The oxidation catalyst converter 27 carries an oxidation catalyst. This oxidation catalyst oxidizes and purifies hydrocarbons (HC) and carbon monoxide (CO) in the exhaust.
In addition, on the upstream side and the downstream side of the PM filter 26 in the exhaust passage 14, an inlet gas temperature sensor 28 that detects the inlet gas temperature that is the temperature of the exhaust gas flowing into the PM filter 26, and the exhaust gas after passing through the PM filter 26. An outgas temperature sensor 29 for detecting an outgas temperature, which is a temperature, is provided. The exhaust passage 14 is provided with a differential pressure sensor 30 for detecting a differential pressure between the exhaust upstream side of the PM filter 26 and the exhaust downstream side thereof. Further, two air-fuel ratio sensors 31 and 32 for detecting the air-fuel ratio of the exhaust are arranged on the exhaust gas upstream side of the NOx catalytic converter 25 and between the PM filter 26 and the oxidation catalytic converter 27, respectively. It is installed.

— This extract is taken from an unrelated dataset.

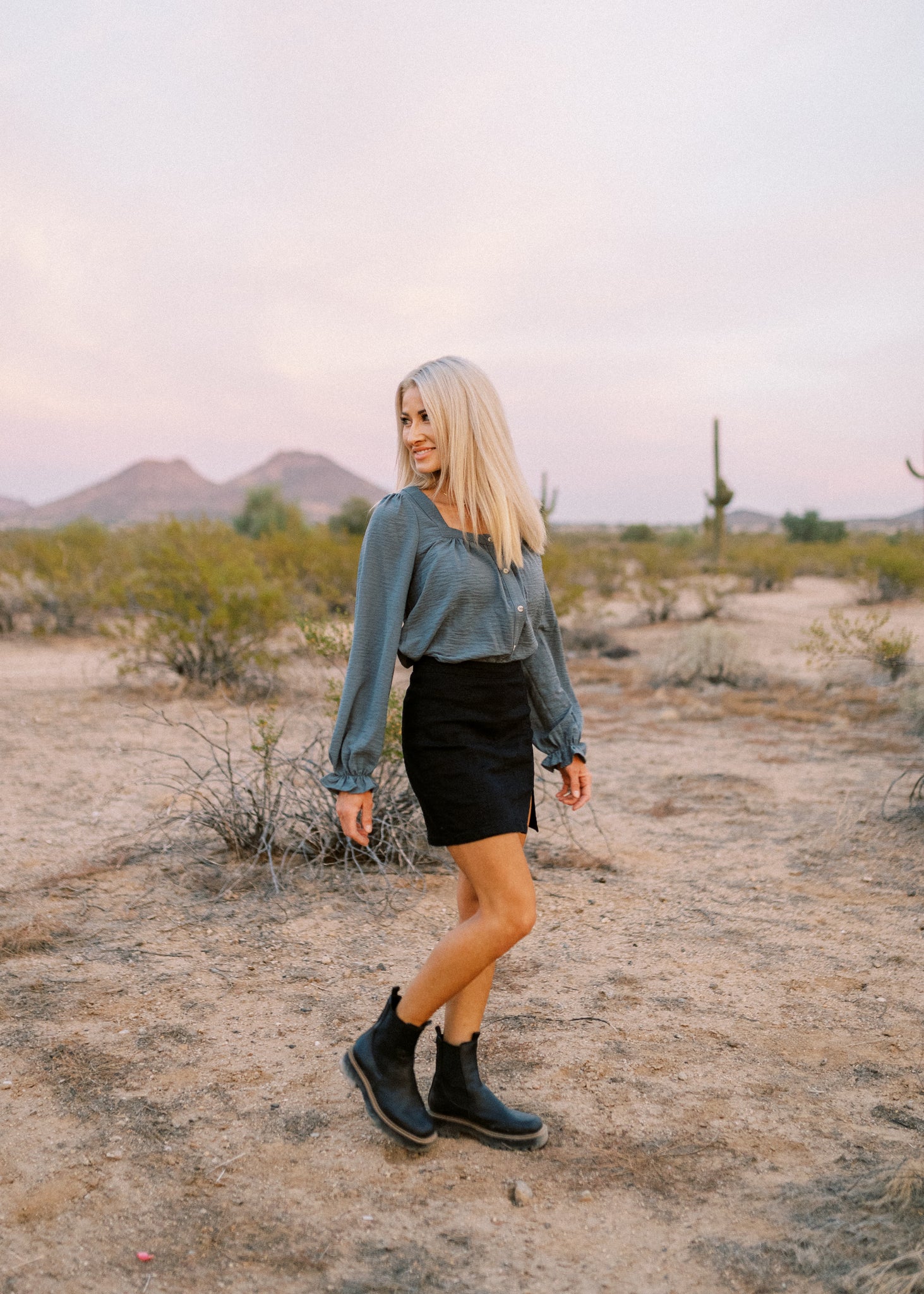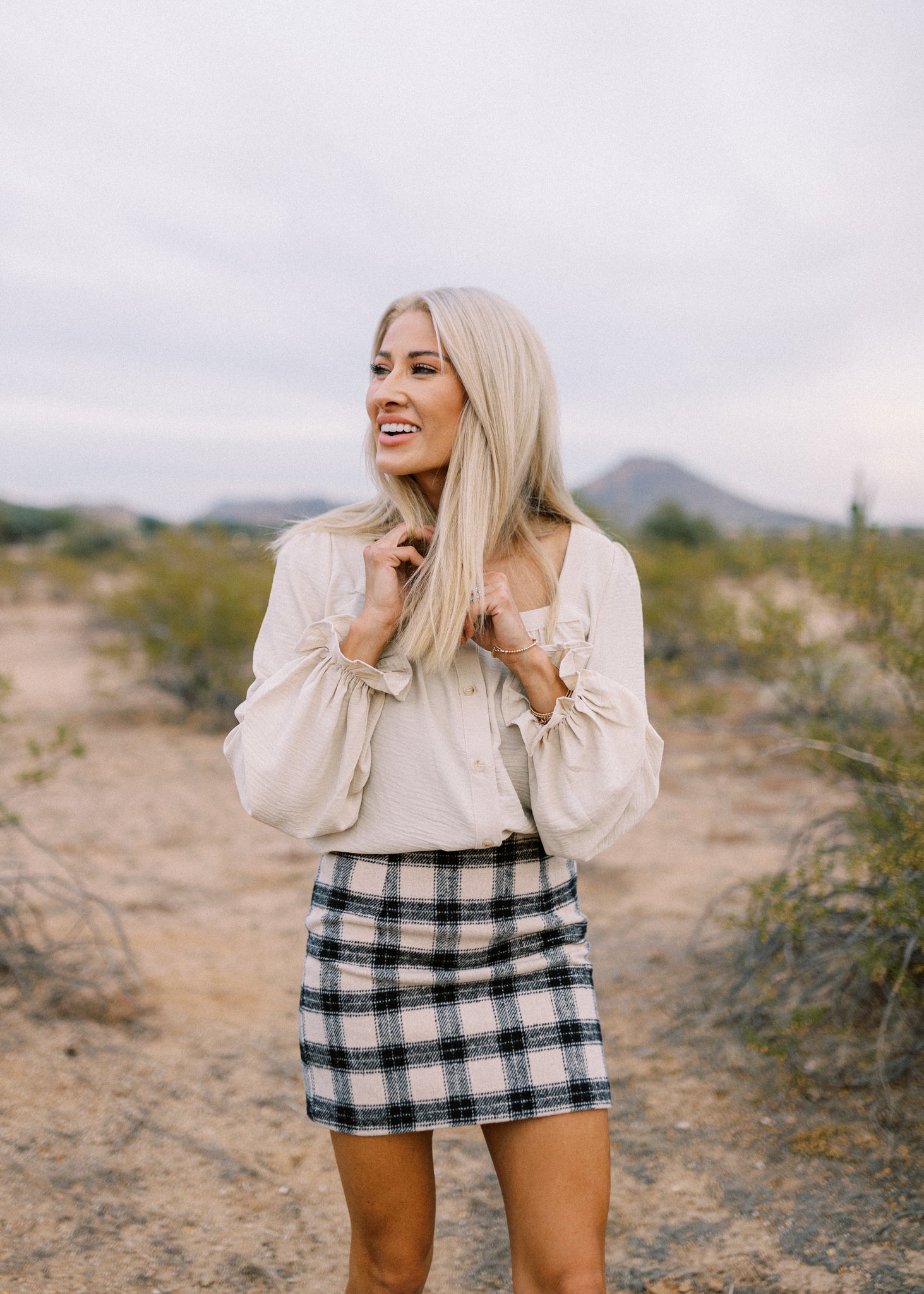 SQUARE NECK BUTTON UP BLOUSE - FUNCTIONAL BUTTONS - RUFFLE CUTT DETAIL
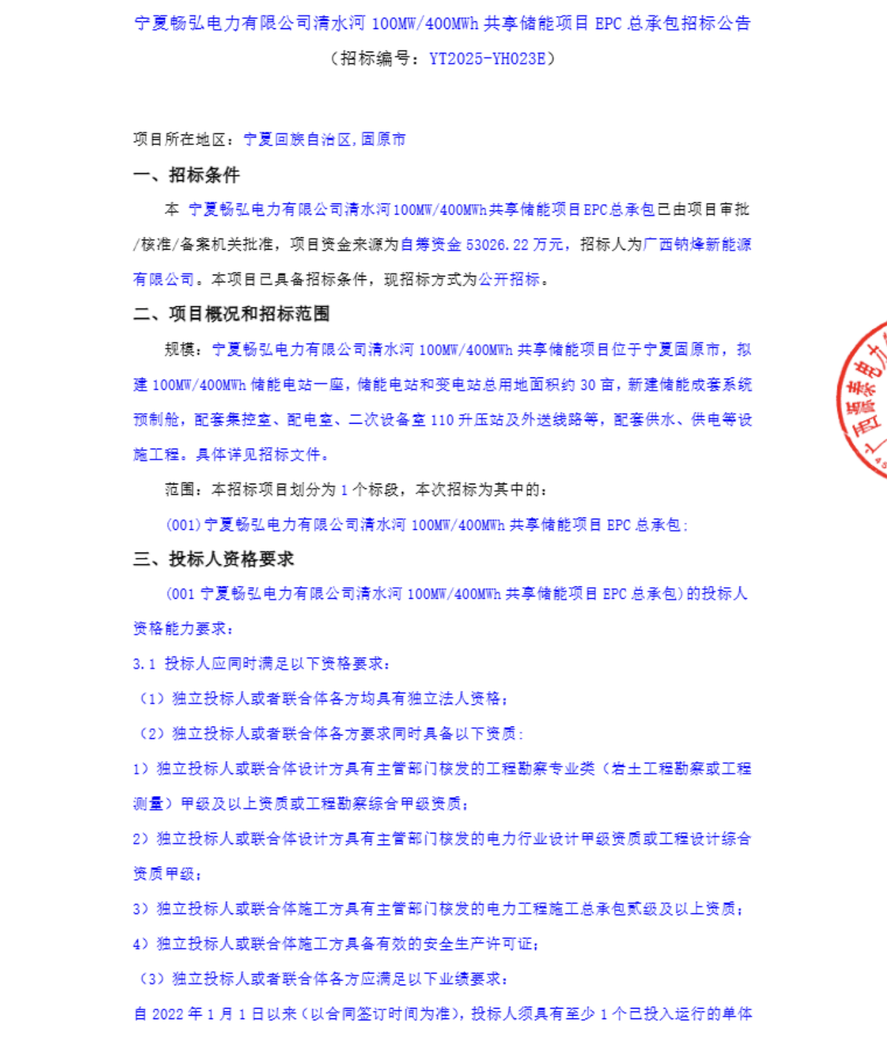 近日,宁夏畅弘电力有限公司清水河100MW/400MWh共享储能项目EPC总承包中标结果公示。

  Further, the internal combustion engine 10 is provided with an exhaust gas recirculation (hereinafter referred to as EGR) device that recirculates a part of the exhaust gas to the air in the intake passage 12. The EGR device includes an EGR passage 33 that allows the exhaust passage 14 and the intake passage 12 to communicate with each other. The most upstream part of the EGR passage 33 is connected to the exhaust passage 14. An EGR valve 36 is provided in the EGR passage 33. The most downstream portion of the EGR passage 33 is connected to the downstream side of the intake throttle valve 19 in the intake passage 12.

  On the other hand, an injector 40 for injecting fuel to be used for combustion in the combustion chamber 13 is disposed in the combustion chamber 13 of each cylinder of the internal combustion engine 10. The injector 40 of each cylinder is connected to a common rail 42 via a high pressure fuel supply pipe 41. High pressure fuel is supplied to the common rail 42 through a fuel pump 43. The pressure of the high-pressure fuel in the common rail 42 is detected by a rail pressure sensor 44 attached to the common rail 42. Further, low pressure fuel is supplied from the fuel pump 43 to the addition valve 46 through the low pressure fuel supply pipe 45.

  Various controls of the internal combustion engine 10 are performed by the electronic control unit 50. The electronic control unit 50 includes a CPU that executes various arithmetic processes related to engine control, a ROM that stores programs and data necessary for the control, a RAM that temporarily stores CPU arithmetic results, and signals between the outside The input / output port for inputting / outputting is provided.

  In addition to the above-described sensors, the input port of the electronic control unit 50 includes an NE sensor 51 that detects the engine speed, an accelerator sensor 52 that detects the accelerator operation amount, and a throttle valve sensor that detects the opening of the intake throttle valve 19. 53, an intake air temperature sensor 54 for detecting the intake air temperature of the internal combustion engine 10, a water temperature sensor 55 for detecting the cooling water temperature of the engine 10, and the like are connected. The output port of the electronic control unit 50 is connected to drive circuits such as the intake throttle valve 19, the EGR valve 36, the injector 40, the fuel pump 43, and the addition valve 46.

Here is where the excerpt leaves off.